El Ángel

Eres un ángel cruel. Sólo buscas hacerme sufrir como todos.

Para mí, habían cosas bellas en las cuales pensar, como en pasarnos juntos todos los días… Pero ya ni sé que hacer ni qué hago porque a veces dejo de pensar en ti.

 Todo lo que los ángeles como tú han destruido lo tuve que volver a levantar. Las lágrimas, el dolor, esas cosas nadie las borrará de mi memoria. No obstante, tal vez el sol y el encierro borren la soledad.

 Sé que mientes. Sé que te odio. Sé que te amé.

De pronto no sé que paso puedo dar al frente. De pronto ya no me conmueves. De pronto sólo te dejo como un clavel dormido en mis recuerdos.

No quiero perderte, pero tampoco decirte adiós.

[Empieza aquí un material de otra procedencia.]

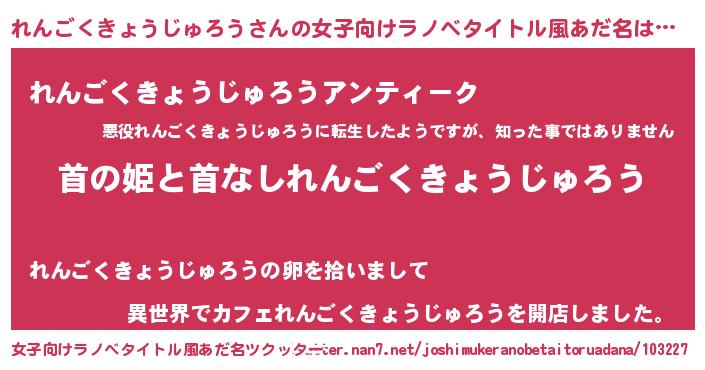 | ヘコむあだ名 | 『れんごくきょうじゅろう(小並感)』 |

En este día, en este instante quisiera olvidarte. Desaparecer el hecho de que alguna vez vi a un muchacho en mi academia, de que me enamoré de él, de que mi alma desgastada se fijó en su sublime tristeza y se fusionó a tal con aquella visión hasta soñar la felicidad.

Borrar todo lo pasado, lo presente, lo vivido, lo sentido.

¿Dónde estuviste cuando te llamaba? ¡Nunca conmigo!

Si me olvido de los estímulos del cuerpo, no te necesitaré, no te querré. Si mi corazón se reconstruye y no es por ti, quiero echarte por tierra. Eliminar tu aliento sobre el mío, sea por lo que sea, llámese Dios o cualquier entidad, curación, exorcismo, shock, acabar con eso y todos como tú.

Ya no quiero que seas mi felicidad. Ya no quiero dejarte.

Ya no quiero regresar.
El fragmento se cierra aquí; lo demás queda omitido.